A citada canção de Chico Buarque, “Mulheres de Atenas”,
descontrói a força ideológica dos provérbios, denunciando na
Grécia, berço da filosofia ocidental e criadora do signo
“democracia” (signo, apenas, que jamais correspondeu, em lugar
algum do Globo, a uma realidade), uma terrível misoginia; mas o
poema do poeta carioca constrói uma outra ideologia do
provérbio, ou seria um espelho às avessas da sabedoria popular,
visualizada na imagem clássica da mulher submissa. Também o
semiólogo francês Roland Barthes (1915-1980) combate, até à
morte (por não ter visto o sinal, ele foi atropelado por um
caminhão, em frente mesmo do
Collège de France, em
Paris, onde pontificava) o clichê, o estereótipo, o provérbio,
enfim, lugares onde mora “o monstro da ideologia”. Fazedor de
frases de efeito, o autor de
Leçon (1978)

não ficou, porém,  incólume
à feitura de provérbios ou aforismos, que têm orientado toda uma
geração, como:

« La langue, comme
performance de tout langage, n’est ni réactionnaire ni
progressiste; elle est tout simplement fasciste; car le
fascisme, ce n’est pas d’empêcher de dire, c’est d’obliger à
dire
.» « Quand je me
sais photographié, je me transforme en image… »
« Qu’est
ce que la théâtralité ? C’est le théâtre moins le texte, c’est
une épaisseur de signes et de sensations qui s’édifient sur la
scène à partir de l’argument écrit. »

  Já no paradgmático
Livro dos provérbios ,
o provérbio assume formas literárias diversificadas, como a
própria sentença, uma breve narrativa, a parábola e até a forma
poética, em que se vaza este provérbio árabe:

"Não diga tudo quanto sabes
não faças tudo quanto podes
não creias em tudo quanto ouves
não gastes tudo quanto tens

porque

quem diz tudo quanto sabe
quem faz tudo quanto pode
quem crê em tudo quanto ouve
quem gasta tudo quanto tem

muitas vezes

diz o que não convém
faz o que não deve
julga o que não vê
gasta o que não pode".

A  título de exemplo, eis
uma recolha de provérbios de várias origens:

Chineses:

"O grande homem é aquele que não perdeu a candura de sua
infância"

"Longa viagem começa por um passo."

"Há três coisas na vida que nunca voltam atrás: a flecha
lançada, a palavra pronunciada e a oportunidade perdida."
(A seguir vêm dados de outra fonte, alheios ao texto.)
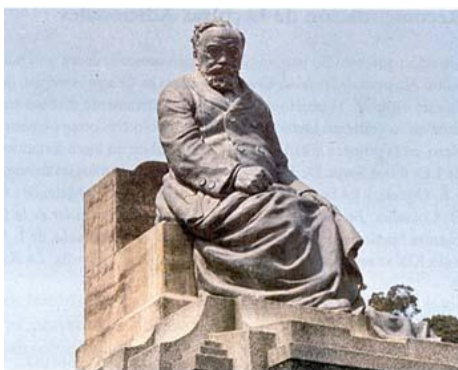
Monumento a Lorenzo Montúfar Obra del escultor Rafael Rodríguez Padilla, 1923

“El infrascrito Ministro Plenipotenciario de las repúblicas de Guatemala y El Salvador tiene la honra de manifestar al Excelentísimo Señor Secretario de Relaciones Exteriores de los Estados Unidos que habiéndose publicado el reconocimiento hecho por este gobierno del que ha pretendido establecer en Nicaragua el ciudadano de estos Estados, Mr. Walker, se ve en la imperiosa necesidad de protestar contra este acto, teniéndole por el más contrario y ofensivo a los intereses de Centro-América.” 11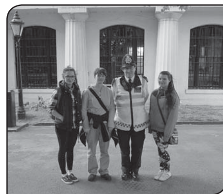
Foto: Exkurze do Londýna umožnila našim žákům prověřit jazykové znalosti a zažít na vlastní kůži jinou kulturu a zvyky cizí země.

Velké poděkování patří našim žákům za vzorné a bezproblémové chování. Díky si zaslouží kolegové za přípravu, realizaci a volný čas strávený s dětmi mimo školu.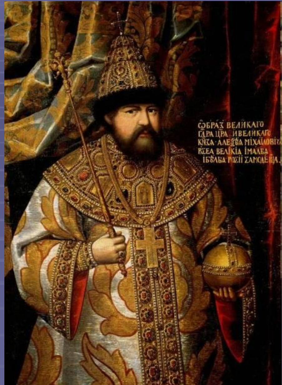
Алексей Михайлович Романов 1645-1676

Закон 1626 г. и «Соборное Уложение» Алексея Михайловича 1649 г. официально запретили процент по ссудам.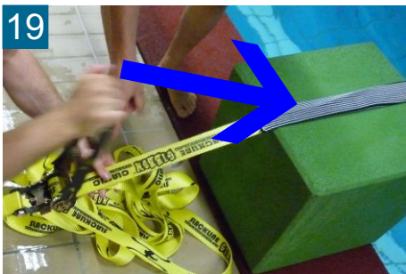
19 Auf gleichmäßige Ausrichtung des Abriebschutzes achten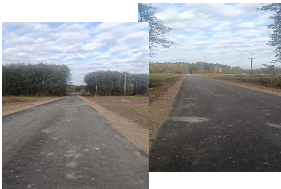
Droga gminna nr 200527W w miejscowości Hołowczyce - Kolonia

Zadanie zostało zrealizowane w ramach dotacji z Samorządu Województwa Mazowieckiego ze środków pochodzących z wyłączenia gruntów z produkcji rolnej w wysokości 173 154,17 zł. Wartość całkowita zadania wyniosła 437 388,00 zł.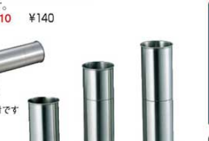
㉑ 18-8 菜箸スタンド

全長:300 材質:本体/ナイロン66樹脂(耐熱200℃) 先端/シリコン樹脂(耐熱300℃) ●先端がシリコン樹脂で焦げにくく、滑りにくい。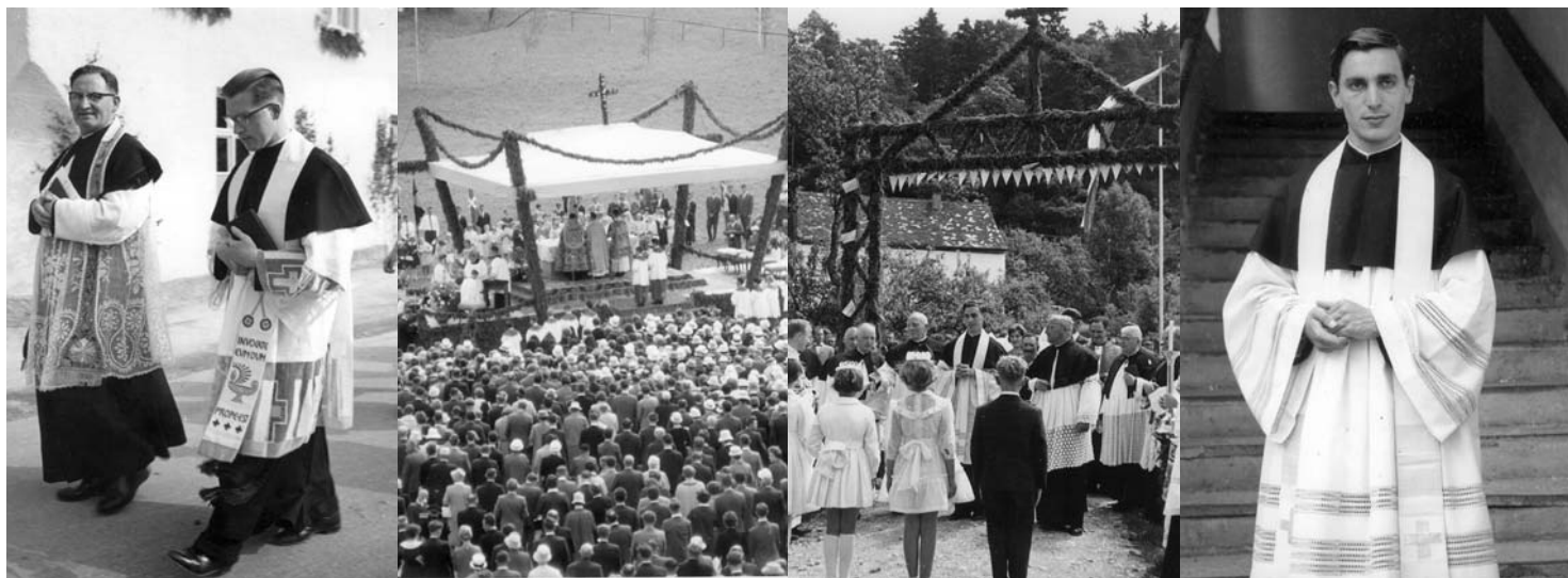
Impressionen von den Primizien 1962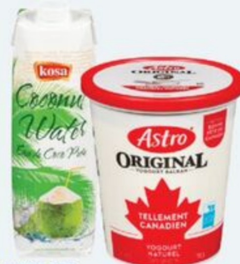
CONTENANTS DE YOGOURT ASTRO 750 G OU EAU DE COCO KOSA 1 L CERTAINES VARIÉTÉS ASTRO YOGURT TUBS OR KOSA COCONUT WATER SELECTED VARIETIES 20165226001_EA/20165226001_EA 21176899_EA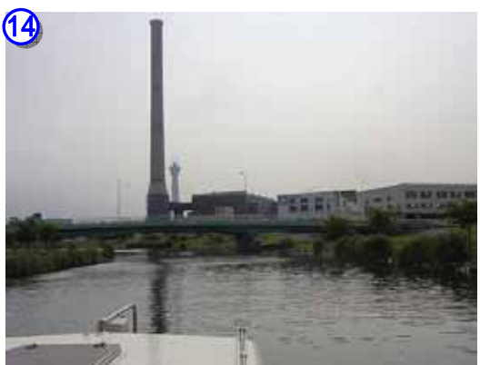
墨田区の清掃工場とスカイツリー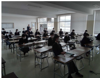
説明を聞く生徒達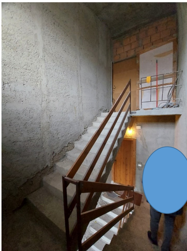
ACCESSO AL PIANO TERZO

"A palavra é prata, o silêncio é ouro."

"A gente todos os dias arruma os cabelos: por que não o
coração?"

"O cão não ladra por valentia e sim por medo."

"A língua resiste porque é mole; os dentes cedem porque são
duros."

"Antes de dar comida a um mendigo, dá-lhe uma vara e ensina-lhe
a pescar."

"Os sábios não dizem o que sabem, os tolos não sabem o que dizem
"

"Não há que ser forte. Há que ser flexível."

"Um homem feliz é como um barco que navega com vento favorável."

Japoneses:

"As dificuldades são como as montanhas. Elas só se aplainam
quando avançamos sobre elas."
"Pouco se aprende com a vitória, mas muito com a derrota."

Egípcio:

"Todo mundo tem medo do tempo; mas o tempo tem medo das
pirâmides."

Judaico:

"Não há melhor negócio que a vida. A gente a obtém a troco de
nada."

Iugoslavo:

"Diga a verdade e saia correndo."

Italianos:

"Um homem está não onde mora, mas onde ama."

"Não vá o sapateiro além dos sapatos."

Persas:

"Não ergas alto um edifício sem fortes alicerces; se o fizeres
viverás com medo".

"Quando alguém ferir sua vaidade, não pense que sua honra foi
atacada".

 

           

Receptáculo de certa sabedoria, da verdade e da inverdade e das,
como queria Nietzsche (1844-1900), “versões da verdade”, o
provérbio constitui um dos simulacros da própria linguagem,
sempre em busca de si mesma.

{bibliografia}

CUNHA, Antônio Geraldo da. Dicionário etimológico Nova Fronteira da língua portuguesa. Rio de Janeiro: Nova Fronteira, 1982.

VALLE, Álvaro. À noite todos os gatos são pardos. Antologia de provérbios. Rio de Janeiro: Léo Christiano, 1996.